- [Exercise description] The reply should hold only the lines from the one with "Camiseta de cuello" through the end of the data, each given exactly.

- [Records for processing]
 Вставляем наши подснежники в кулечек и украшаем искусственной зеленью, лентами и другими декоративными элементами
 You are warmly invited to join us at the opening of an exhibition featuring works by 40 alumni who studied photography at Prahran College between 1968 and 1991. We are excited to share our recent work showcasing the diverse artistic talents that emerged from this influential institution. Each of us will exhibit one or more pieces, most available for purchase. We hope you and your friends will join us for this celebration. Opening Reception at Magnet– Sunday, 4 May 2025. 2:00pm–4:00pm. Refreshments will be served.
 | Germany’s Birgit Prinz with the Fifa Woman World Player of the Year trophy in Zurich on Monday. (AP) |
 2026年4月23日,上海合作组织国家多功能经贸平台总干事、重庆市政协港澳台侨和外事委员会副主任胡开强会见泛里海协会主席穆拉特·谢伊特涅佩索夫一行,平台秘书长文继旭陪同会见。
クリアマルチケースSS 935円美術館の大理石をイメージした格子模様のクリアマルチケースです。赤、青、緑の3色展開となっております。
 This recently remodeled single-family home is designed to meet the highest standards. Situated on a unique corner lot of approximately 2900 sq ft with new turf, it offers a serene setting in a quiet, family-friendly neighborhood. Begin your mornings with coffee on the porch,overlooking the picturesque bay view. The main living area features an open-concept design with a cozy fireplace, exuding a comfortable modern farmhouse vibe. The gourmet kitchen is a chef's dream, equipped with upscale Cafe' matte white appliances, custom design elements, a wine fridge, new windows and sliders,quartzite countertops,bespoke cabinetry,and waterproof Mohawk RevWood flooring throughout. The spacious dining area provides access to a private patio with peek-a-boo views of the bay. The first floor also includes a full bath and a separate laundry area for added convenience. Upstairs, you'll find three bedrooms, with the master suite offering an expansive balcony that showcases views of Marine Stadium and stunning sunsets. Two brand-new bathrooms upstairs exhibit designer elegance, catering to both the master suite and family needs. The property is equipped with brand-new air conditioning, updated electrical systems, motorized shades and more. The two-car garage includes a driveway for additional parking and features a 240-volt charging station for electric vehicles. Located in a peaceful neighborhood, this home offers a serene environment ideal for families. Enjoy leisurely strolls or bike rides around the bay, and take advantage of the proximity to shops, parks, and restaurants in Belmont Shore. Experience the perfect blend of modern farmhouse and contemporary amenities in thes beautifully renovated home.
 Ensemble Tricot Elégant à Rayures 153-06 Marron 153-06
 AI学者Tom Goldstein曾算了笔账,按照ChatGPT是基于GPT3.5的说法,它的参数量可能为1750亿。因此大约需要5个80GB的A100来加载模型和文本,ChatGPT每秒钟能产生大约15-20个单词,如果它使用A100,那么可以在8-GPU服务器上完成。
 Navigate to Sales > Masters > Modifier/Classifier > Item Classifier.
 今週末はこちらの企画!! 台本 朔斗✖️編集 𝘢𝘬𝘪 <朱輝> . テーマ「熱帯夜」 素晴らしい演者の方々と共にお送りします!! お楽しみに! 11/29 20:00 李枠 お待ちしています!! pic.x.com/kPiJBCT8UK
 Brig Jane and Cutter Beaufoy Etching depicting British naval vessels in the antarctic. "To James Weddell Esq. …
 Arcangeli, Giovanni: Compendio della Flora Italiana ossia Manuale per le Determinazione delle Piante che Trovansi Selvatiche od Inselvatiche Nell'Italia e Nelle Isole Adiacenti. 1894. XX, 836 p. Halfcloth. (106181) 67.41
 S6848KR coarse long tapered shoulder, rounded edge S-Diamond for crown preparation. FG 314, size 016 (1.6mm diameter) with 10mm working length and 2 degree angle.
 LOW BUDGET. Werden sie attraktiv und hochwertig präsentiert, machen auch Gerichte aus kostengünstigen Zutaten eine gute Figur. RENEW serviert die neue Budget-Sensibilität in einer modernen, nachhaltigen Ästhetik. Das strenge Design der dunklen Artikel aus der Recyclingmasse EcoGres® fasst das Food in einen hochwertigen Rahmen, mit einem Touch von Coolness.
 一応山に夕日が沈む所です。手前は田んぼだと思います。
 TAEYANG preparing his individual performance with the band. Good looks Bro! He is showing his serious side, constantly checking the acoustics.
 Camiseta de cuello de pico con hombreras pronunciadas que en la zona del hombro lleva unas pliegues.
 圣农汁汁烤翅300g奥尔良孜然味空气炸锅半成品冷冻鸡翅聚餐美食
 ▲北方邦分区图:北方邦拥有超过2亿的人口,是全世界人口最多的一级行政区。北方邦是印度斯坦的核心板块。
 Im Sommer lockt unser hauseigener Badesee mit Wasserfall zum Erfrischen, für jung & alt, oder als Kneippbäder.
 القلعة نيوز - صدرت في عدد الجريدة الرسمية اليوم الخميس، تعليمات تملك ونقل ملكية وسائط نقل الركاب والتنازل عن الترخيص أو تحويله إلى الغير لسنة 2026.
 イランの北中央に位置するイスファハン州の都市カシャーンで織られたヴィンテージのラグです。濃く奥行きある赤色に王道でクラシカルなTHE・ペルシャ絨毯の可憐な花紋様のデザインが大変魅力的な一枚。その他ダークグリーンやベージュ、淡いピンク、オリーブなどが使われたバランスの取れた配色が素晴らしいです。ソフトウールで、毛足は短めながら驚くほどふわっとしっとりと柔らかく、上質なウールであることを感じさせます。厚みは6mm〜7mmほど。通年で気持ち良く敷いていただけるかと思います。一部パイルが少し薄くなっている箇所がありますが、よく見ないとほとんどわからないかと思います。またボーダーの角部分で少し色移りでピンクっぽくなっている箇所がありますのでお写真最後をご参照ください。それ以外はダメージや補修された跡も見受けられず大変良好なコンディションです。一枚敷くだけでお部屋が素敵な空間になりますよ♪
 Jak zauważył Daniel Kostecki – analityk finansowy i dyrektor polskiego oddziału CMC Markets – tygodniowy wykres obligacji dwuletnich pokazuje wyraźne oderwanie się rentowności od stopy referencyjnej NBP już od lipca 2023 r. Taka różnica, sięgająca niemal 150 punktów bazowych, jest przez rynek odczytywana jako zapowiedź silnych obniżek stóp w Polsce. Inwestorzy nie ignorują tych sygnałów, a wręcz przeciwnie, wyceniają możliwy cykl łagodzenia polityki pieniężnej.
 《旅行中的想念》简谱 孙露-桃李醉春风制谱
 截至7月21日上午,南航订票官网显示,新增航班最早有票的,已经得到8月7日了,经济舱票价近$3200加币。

- [Completed task]
 Camiseta de cuello de pico con hombreras pronunciadas que en la zona del hombro lleva unas pliegues.
 圣农汁汁烤翅300g奥尔良孜然味空气炸锅半成品冷冻鸡翅聚餐美食
 ▲北方邦分区图:北方邦拥有超过2亿的人口,是全世界人口最多的一级行政区。北方邦是印度斯坦的核心板块。
 Im Sommer lockt unser hauseigener Badesee mit Wasserfall zum Erfrischen, für jung & alt, oder als Kneippbäder.
 القلعة نيوز - صدرت في عدد الجريدة الرسمية اليوم الخميس، تعليمات تملك ونقل ملكية وسائط نقل الركاب والتنازل عن الترخيص أو تحويله إلى الغير لسنة 2026.
 イランの北中央に位置するイスファハン州の都市カシャーンで織られたヴィンテージのラグです。濃く奥行きある赤色に王道でクラシカルなTHE・ペルシャ絨毯の可憐な花紋様のデザインが大変魅力的な一枚。その他ダークグリーンやベージュ、淡いピンク、オリーブなどが使われたバランスの取れた配色が素晴らしいです。ソフトウールで、毛足は短めながら驚くほどふわっとしっとりと柔らかく、上質なウールであることを感じさせます。厚みは6mm〜7mmほど。通年で気持ち良く敷いていただけるかと思います。一部パイルが少し薄くなっている箇所がありますが、よく見ないとほとんどわからないかと思います。またボーダーの角部分で少し色移りでピンクっぽくなっている箇所がありますのでお写真最後をご参照ください。それ以外はダメージや補修された跡も見受けられず大変良好なコンディションです。一枚敷くだけでお部屋が素敵な空間になりますよ♪
 Jak zauważył Daniel Kostecki – analityk finansowy i dyrektor polskiego oddziału CMC Markets – tygodniowy wykres obligacji dwuletnich pokazuje wyraźne oderwanie się rentowności od stopy referencyjnej NBP już od lipca 2023 r. Taka różnica, sięgająca niemal 150 punktów bazowych, jest przez rynek odczytywana jako zapowiedź silnych obniżek stóp w Polsce. Inwestorzy nie ignorują tych sygnałów, a wręcz przeciwnie, wyceniają możliwy cykl łagodzenia polityki pieniężnej.
 《旅行中的想念》简谱 孙露-桃李醉春风制谱
 截至7月21日上午,南航订票官网显示,新增航班最早有票的,已经得到8月7日了,经济舱票价近$3200加币。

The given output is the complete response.